▶ Work required:
An exact restatement of the entire listing is needed, excluding all images.

▶ Material for this task:

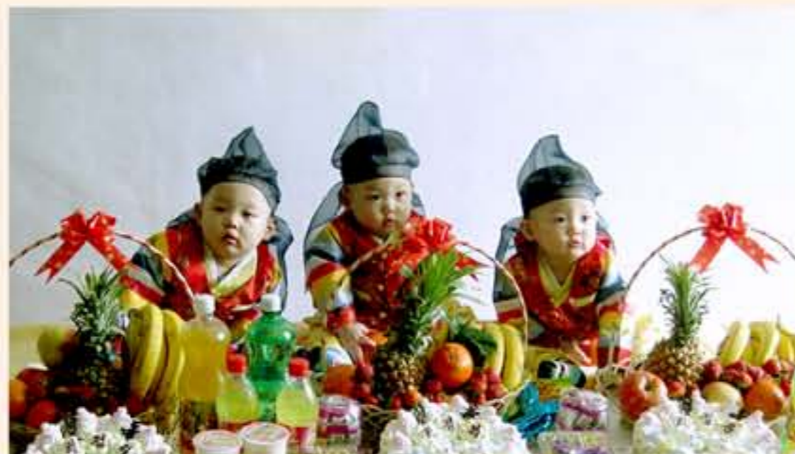
On the first birth anniversary (April 2014)
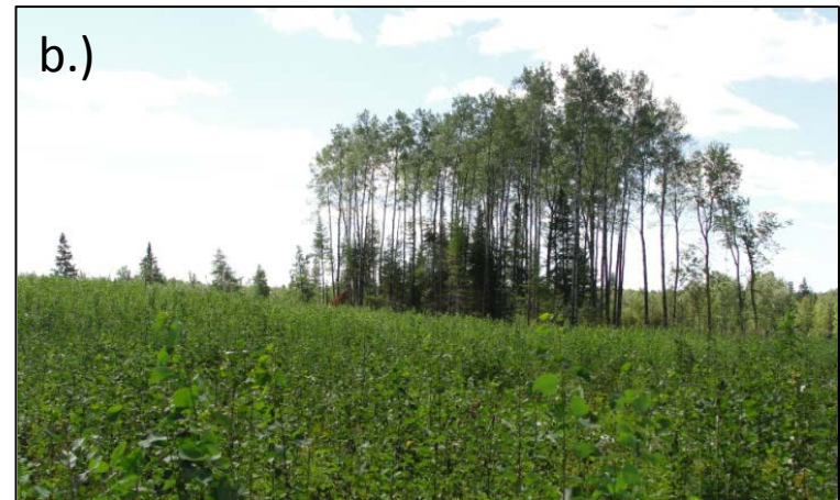
MNFRC guidelines provide two options for meeting the leave tree recommendations:

a.) scattered individual trees, or b.) clumps.
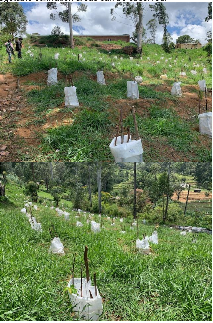
Figure 2: Present condition of the proposed Land

private vegetable cultivation areas can be observed.
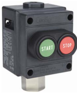
8040/114-U2312 Compact Start/Stop 3/4"
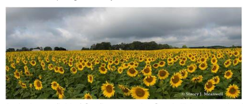
And a happy field of Sunflowers to the Goodwill Ambassadors!

Our sincere apologies to anyone else who we did not name.
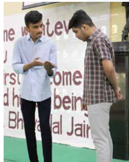
Life on stage
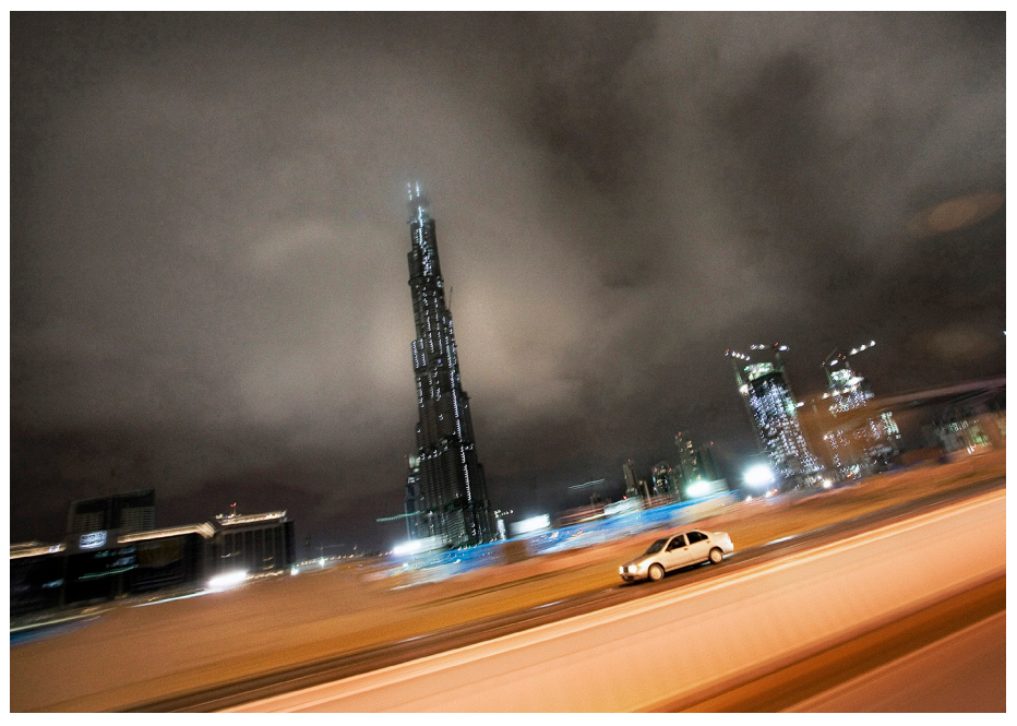
Burj Dubai at night, driving on Sheik Zayed Road.

At a cost of over $1.8 billion U.S., the Burj has been more expensive than the citizens of Dubai expected. Two thousand and four hundred foreign workers labor here daily in two shifts. The fifty-four double-decker elevators will travel fifty-nine feet per second and the cooling system will give off more cold air than 9,000 metric tons of melting ice per day. The one-hundred and sixty stairways are fireproofed, which after 9/11 has proven necessary. One-thousand palm trees with fluttering crowns will soon be planted around the building. Everything has a Tower of Babel quality to it.

▶ Exercise output:
On the first birth anniversary (April 2014)
MNFRC guidelines provide two options for meeting the leave tree recommendations:

a.) scattered individual trees, or b.) clumps.
Figure 2: Present condition of the proposed Land

private vegetable cultivation areas can be observed.
8040/114-U2312 Compact Start/Stop 3/4"
And a happy field of Sunflowers to the Goodwill Ambassadors!

Our sincere apologies to anyone else who we did not name.
Life on stage
Burj Dubai at night, driving on Sheik Zayed Road.

At a cost of over $1.8 billion U.S., the Burj has been more expensive than the citizens of Dubai expected. Two thousand and four hundred foreign workers labor here daily in two shifts. The fifty-four double-decker elevators will travel fifty-nine feet per second and the cooling system will give off more cold air than 9,000 metric tons of melting ice per day. The one-hundred and sixty stairways are fireproofed, which after 9/11 has proven necessary. One-thousand palm trees with fluttering crowns will soon be planted around the building. Everything has a Tower of Babel quality to it.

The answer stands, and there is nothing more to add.